Friday, March 2, 2012

When the Superman Band-Aid Doesn't Hold

So, I panic from time to time. Finding a way to get a grip on the irrational emotions that occur during that time is a tough job. 

There have been some interesting times in my life, and because of it, I've had the following terms used on me: mild OCD, panic disorder, PTSD

My response to them all back in the day was "woe is me", but now it's more akin to "bite me!" How many acronyms can a single person be labeled with? 

Hi, I'm Diana BS MS PT ICD9 340 ICD10 G35 OCD PTSD... and on and on and... Forget that! I've been labeled enough. Can't a person just be sad anymore?

Simply put, I've got issues, but who doesn't? I've got to deal with them and I refuse to hide behind or excuse the issues because of my labels. 

I also refuse to let labels and treatments desensitize me from the responsibility of corrective behavior; especially when I do have control over at least that much. 

Medicine is appropriate in the right setting, but that's not all that I should rely upon.

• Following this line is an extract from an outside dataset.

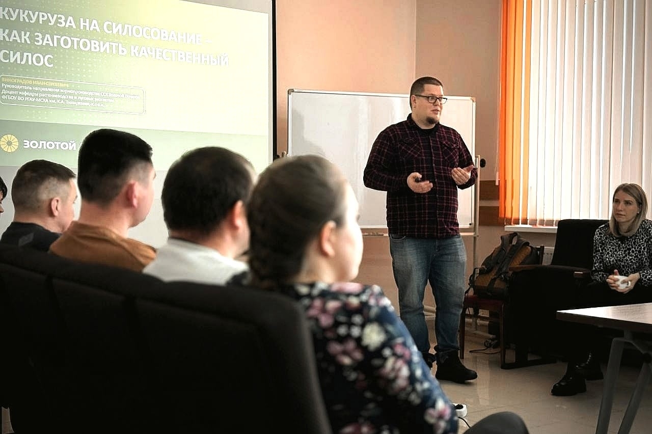 Иван Виноградов представил подробный анализ, касающийся ключевых аспектов качества кормов. В своем выступлении он детально разобрал влияние погодных условий сезона 2025 года на токсичность кормов, а также продемонстрировал преимущества различных сортов и гибридов, имеющих значение для повышения продуктивности животноводства.
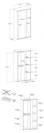- Kleiderschrank B/H/T ca.: 90/182/51 cm

So many people think that, because you have swallowed a pill, you've been absolved from doing anything else about the situation. 

I would like to submit that treating "the problem" by milligrams alone is essentially like putting on a band-aid with poor adhesive qualities.

I'm fascinated by the mind-body connection. I've begun to understand just how powerful a role it has played in my life; it's been empowering to know that though I may be irrational at times, I still have some semblance of control over my response(s). 

Not long ago I read something that got me really thinking - it was in Aine Tubridy’s book, When Panic Attacks. She was talking about Post Traumatic Stress Disorder (PTSD) and I realized that what she had written about actually held the key to understanding normal fear and anxiety. 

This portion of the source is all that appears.